Here’s a study that found that fMRI can give as much as 70% false positive results.
http://www.pnas.org/content/113/28/7900.full
@Pete Attkins on Friday 11 November 2016 at 18:51
‘I’m not claiming that the study is flawed. I’m simply pointing out the absurdity of using highly-complex instrumentation for the purpose of confirming (corroborating) a preconceived notion.”
Other doctors are not looking for dead salmon.
https://hms.harvard.edu/news/expectations-influence-effects-medications-and-placebo-1-8-14
https://www.sciencebasedmedicine.org/placebo-effect-for-pain/
http://f1000.com/prime/10696960
Iqbal Krishna,
Thank you for confirming my point.
I was not addressing the studies by “other doctors” who do actually understand the limitations of fMRI. I was addressing the study to which *you* linked, which had the stated purposed of using fMRI to corroborate a preconceived notion.

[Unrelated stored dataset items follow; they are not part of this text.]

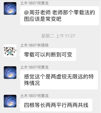 记得第一次小班讨论课上,我给同学们做了一个拓展:对于复杂杆系的几何组成分析,如利用刚片规则有困难,可以考虑零载法。然后介绍了零载法的应用及限制条件,讲解例题。课后同学们还饶有兴趣地在微信群刨根问底,一定要用刚片规则对例题再次确定结论。
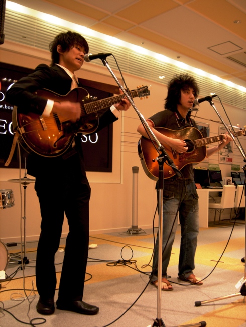 NTTフレッツの方々に「FOR THE DAY ALL DAY」のイメージ映像まで作成していただきました。ありがとうございました。演奏のほうはと言うと5曲演奏し、最後の一曲をタワーレコードさんに捧げました。浮雲さん、秋山さん、代三世界さん、クラシックスさん、ありがとうございました。(西中)
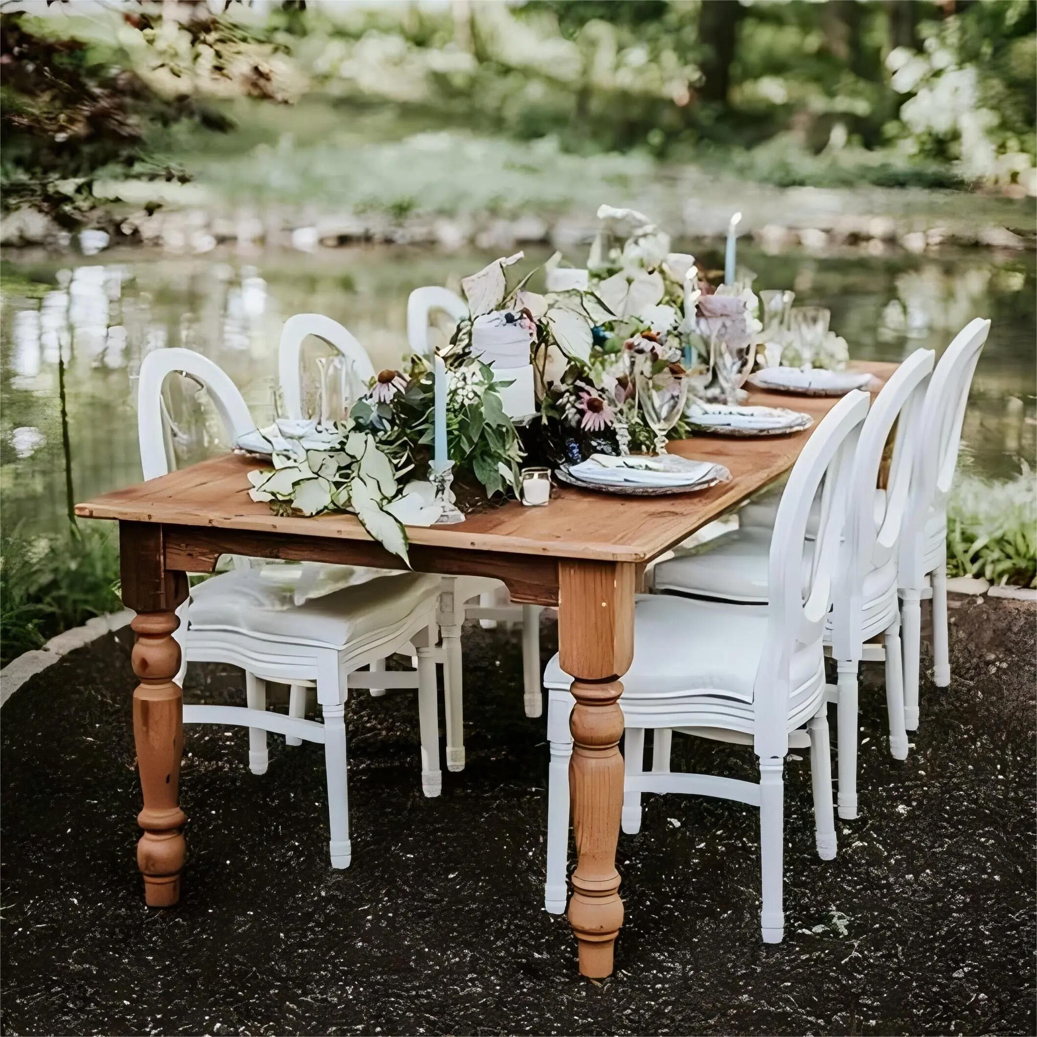 Modern Oak Wooden Wedding Chairs with Transparent Backrests Upholstered Seat Cushions for Outdoor Dining Living Rooms Hotels Etc
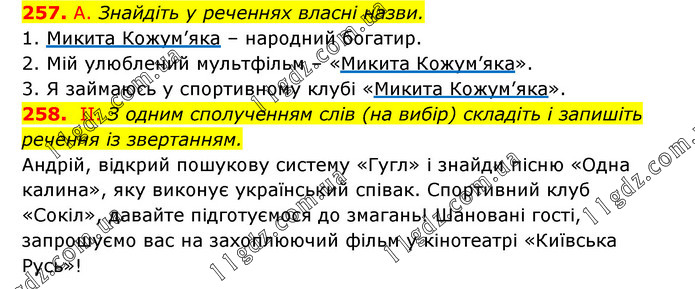 257. А. Знайдіть у реченнях власні назви. 1. Микита Кожум’яка – народний богатир. 2. Мій улюблений мультфільм – «Микита Кожум’яка». 3. Я займаюсь у спортивному клубі «Микита Кожум’яка». 258. II. З одним сполученням слів (на вибір) складіть і запишіть речення із звертанням. Андрій, відкрий пошукову систему «Гугл» і знайди пісню «Одна калина», яку виконує український співак. Спортивний клуб «Сокіл», давайте підготуємося до змагань! Шановані гості, запрошуємо вас на захоплюючий фільм у кінотеатрі «Київська Русь»!
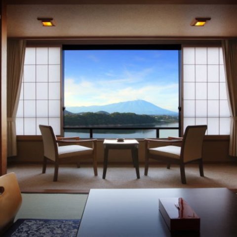 「ホテル紫苑」では、すべての客室から御所湖の景色を楽しむことができます。また、大浴場や露天風呂、貸切風呂など多彩な源泉かけ流しの温泉を楽しめるのも嬉しいポイントです。
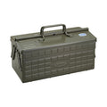 Fremstillet i Japan siden 1969 tilbyder Toyo Steel ST-350 stålværktøjskassen, klar til at rumme alt og alle ting. Ved at bruge deres egen teknologi har Toyo Steel skabt en værktøjskasse af et enkelt stykke stål, hvilket resulterer i ingen skarpe hjørner og et slankt design for ultimativ beskyttelse og opbevaring. Med et udkraget låg har denne værktøjskasse to øverste opbevaringsbakker med i alt ti opbevaringsrum og et hul praktisk placeret til en hængelås for at holde tingene sikre og beskyttede.
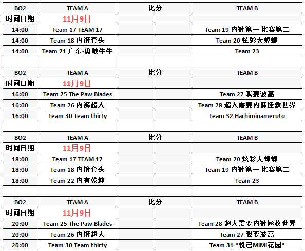今天"内裤杯"社区赛的赛程安排,大家比赛加油!
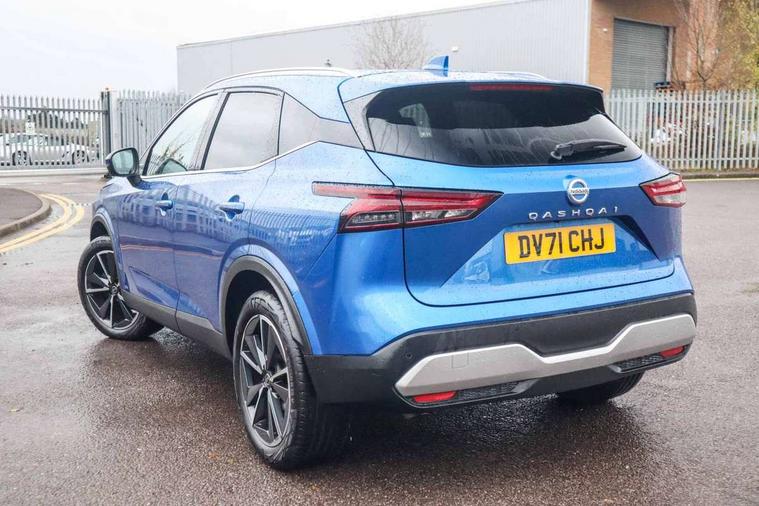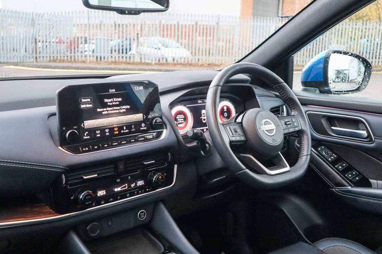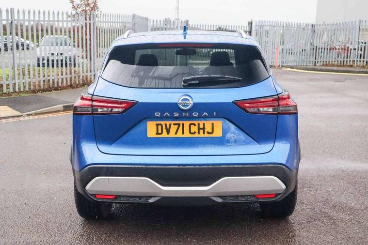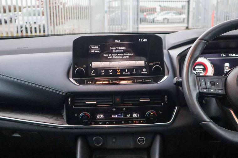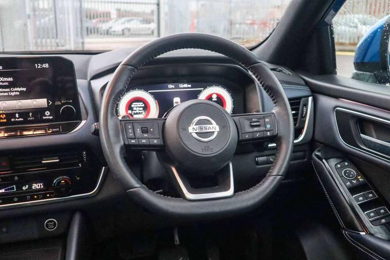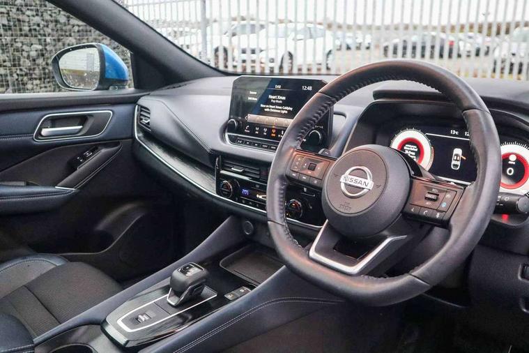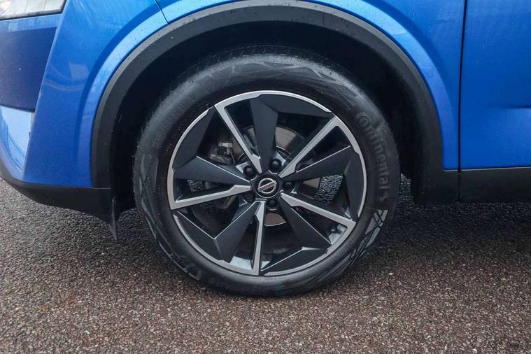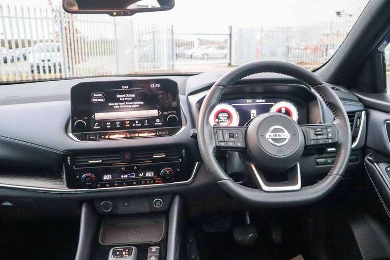 Blind spot warning, Drive modes (sport, normal, eco), Electric speed sensitive power steering, Emergency and breakdown call, Front and rear parking sensors, Full Digital 12.3" TFT Digital Combimeter, Hands free power tailgate, Idle stop/start system, Intelligent Cruise control (ICC), Intelligent driver alert system, Intelligent forward collision warning, Intelligent lane intervention, Lane departure prevention, Lane departure warning system, Moving object detection, Push button starter, Rear cross traffic alert, Traffic sign recognition with legal speed adjustment, Trip computer, 6 speakers, AM/FM audio system with DAB, Bluetooth audio streaming, Front USB connections (Type-A and Type-C), Rear USB charging only ports (Type-A and Type-C), Auto dimming rear view mirror, Auto rear wiper when reversing, Body colour mirror caps, Body coloured door handles, Bodyside mouldings, Chrome side window finisher, Electric auto folding door mirrors, Electrically adjustable and heated door mirrors with LED turn indicator, Fixed panoramic glass roof with electric sunshade, Follow me home headlights, Intelligent auto headlights, LED daytime running lights, LED signature rear lights, One touch front and rear electric windows with remote opening and closing, Partially body coloured bumpers, Privacy glass, Rear roof spoiler, Rear styling plate, Roof rails, Shark fin antenna, Splash free rain sensing wipers, Super UV and infrared cut glass, Three blink turn signal, 12v power socket in dashboard and luggage, 2 way electrical driver lumbar adjustment, 2x Rear coat hooks, 3 rear headrests, 4 grab handles, 6 Luggage hooks - 4 on floor, 2 on side, 60/40 split folding rear seat, 8 way electric adjustable drivers seat, Ambient lighting around centre console, Ambient lighting in front doors, Centre console storage tray, Chrome interior door handles, Cloth/syntech leather monoform upholstery, Dark headlining, Driver and front passenger sunvisors with illuminated vanity mirrors, Driver seat back pocket, Dual zone automatic climate control with pollen filter, Front centre console and armrest, Front cupholder, Front door with bottle holders, Glovebox with light, Hard trunk cover, Height adjustable front headrests, Leather steering wheel, Luggage board system, Luggage space lighting, Manual lumbar support on passenger seat, Manually adjustable passenger (slide recline + lifter), Multifunction steering wheel, Passenger seat back pocket, Rear armrest with 2 cupholders, Rear door bottle holders, Soft PVC kneepad, Steering wheel gearshift paddles, Steering wheel switches, Tilt/telescopic adjustable steering wheel, Two rear isofix child seat anchorage points with top tether, Welcome light and doors with console tray ambient lighting, Heat pack - Qashqai, Tech Pack (ProPILOT + HUD), 3x3 point rear seatbelt pretensioners + load limiters, ABS, ESP, EBD and brake assist, Active brake limited slip, Auto hold function, Child locks on rear doors, Curtain and front side, far side airbags, Driver and passenger airbags, Driver, passenger and 2nd row rear seat belt reminder, Electronic parking brake, Front seatbelt pretensioners + load limiters, Height adjustable front seatbelts, Hill start assist, Intelligent blind spot intervention, Intelligent front emergency braking with pedestrian, cyclist recognition and junction assist, Intelligent rear automatic braking, Tyre pressure monitoring system, Vehicle dynamic control, Capless fuel filler, Engine immobiliser, Nissan i-key, Remote central door locking with deadlocking, Thatcham Cat.1 alarm, 19" Alloy wheels,
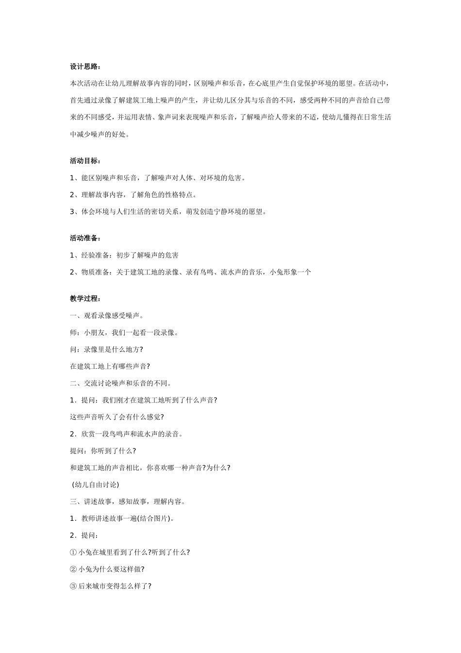 设计思路:本次活动在让幼儿理解故事内容的同时,区别噪声和乐音,在心底里产生自觉保护环境的愿望。在活动中,首先通过录像了解建筑工地上噪声的产生,并让幼儿区分其与乐音的不同,感受两种不同的声音给自己带...
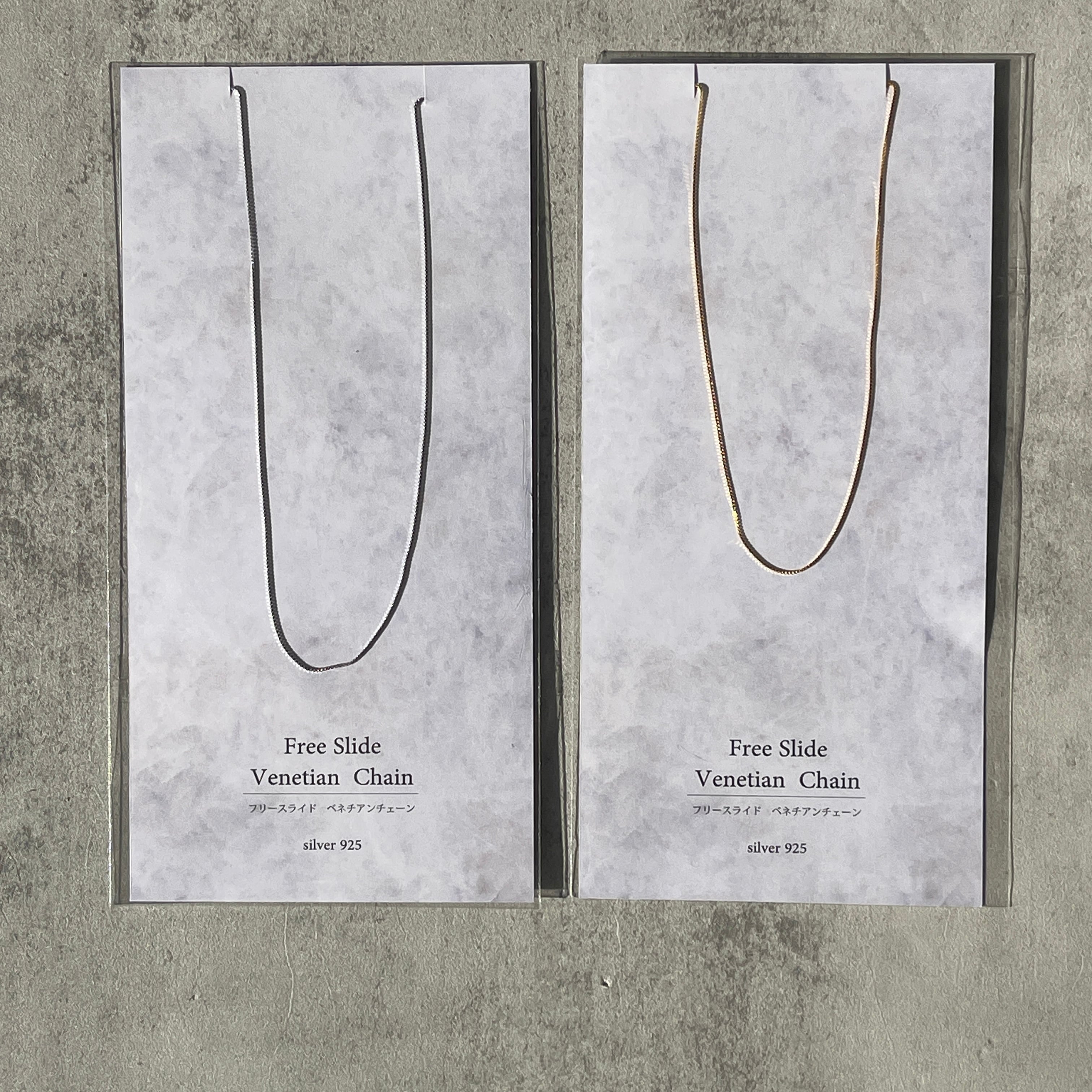 ベネチアンチェーンは、四角いコマを連ねた構造が特徴で、すっきりとした直線的な印象と、程よい存在感があります。

A scientifically valid study would be designed to independently test, not to corroborate, a preconceived notion. The complete opposite of studies conducted in homeopathy
Good bedside manner is based on common decency, respect, honesty and compassion, whereas intentional fraudulent misinformation(lies) to make money off patients is based on greed and deception, and is not good bedside manner and should not be allowed in modern societies, no matter how “polite” one acts. Most con artists have “good bedside manner” but their goals are despicable.
The difference between the two studies in how patients were primed is not clear but it looks as if the first study involved explicit priming by contrast with the implicit priming employed in second study. This might explain the difference in priming effectiveness found in the two studies.
The Kaptchuk study mentioned in the comments employed heavy-duty explicit priming throughout and even before the trial, advertising itself to prospective participants as an experiment in “mind-body” medicine: Self-selecting placebo responders were likely to have been well represented in the trial.
The placebo responder/non-responder dichotomy is exemplified in the first study mentioned here. The ANOVA analysis is instructive. Doctor’s performance just scraped statistical significance; interaction was far more significant but far and away the most significant factor was – responsiveness. The placebo response relies heavily upon the suggestibility of patients.
I think this fact makes the systematic employment of the effect highly problematic in terms of ethics. Explicit suggestion by medical professionals of possible benefits of a purported treatment which depends entirely on the effectiveness of suggestion itself on a small sub-group of the general population seems like an extremely dubious way to go, as a general practice.
I don’t think these studies show any reduction in the pain experienced by the subjects, just a modification of the point at which they complain. Similar to studies that found reduced pain reported but no change in on-demand painkiller use. If this is a possible explanation then there is very little “mind-body” effect and a lot of reporting effect. Clinical use of placebo in that case is shutting the patient up not helping them. That has contributed to difficult to diagnose patients going for years without effective help.